Arinel's frantic hiss and the rigorous shaking of her arm jolted Meya from her petrified trance. After an instinctive sideways glance at the Lady, she whipped back around. She had just begun combing the area, when her gaze skidded to a halt just at the opposite lip of the alley.
Across from the blood-testing gatekeeper with his candle and needle, another masked man sat himself behind a table laden with a ledger, an abacus and a coin tray. A loose queue of blood sellers carrying varying numbers of tin jars meandered up to him from the simmering blood vats, where they had freshly vacated the jars containing their own (or their children's) blood.
The latest seller—a young brunette who eerily resembled Jezia both in hairstyle and height—had just staggered up and slammed three blood-crusted jars onto the tabletop. Next in line was a man wearing a mask with HERZIN emblazoned across the forehead in weathered white paint. He ambled forth to take the girl's space, clutching the handles of two tin jars in one hand, and in the other, the sleeve of his son's black veil.
Meya gave Jerald's arm a tug to rouse him, then threaded her way to the nearest stand selling ivory carvings, deer antlers and other animal items. Jerald knelt down and pretended to browse the wares, providing cover for Meya to act the bored teenage daughter while she spied on their target.
Elmund Herzin was of middling height and build, yet the boy's head barely reached his waist. His yellowish hand hung limply from his sleeve, attached to a bony wrist that would've fitted his father's grasp with room to jostle in.

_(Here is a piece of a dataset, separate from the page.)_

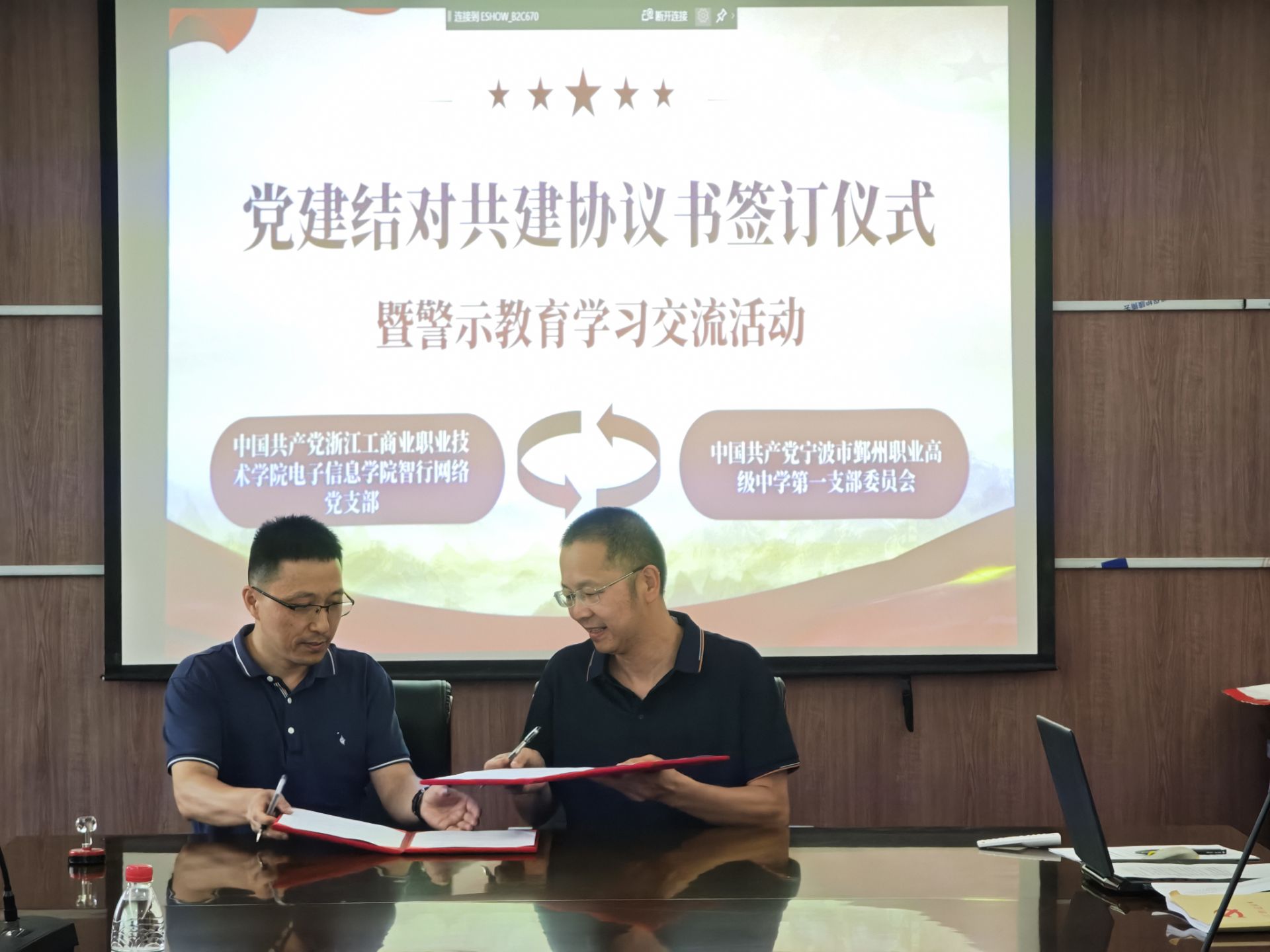 签约仪式后,智行网络支部邀请共建单位共同学习党中央八项规定警示教育材料,双方围绕党风廉政建设展开讨论交流,进一步强化纪律意识,筑牢思想防线。

The lass with the ponytail tottered tipsily away, her earnings clutched in one fist and her bandaged arm in another. Elmund dragged his son along as he hurried forth, thrusting the jars onto the wobbly table with a clatter. The gatekeeper scribbled a number in his ledger, tossed the jars into the half-filled barrel behind him, then pinched up two coins from among the several rows of white-silver in his tray.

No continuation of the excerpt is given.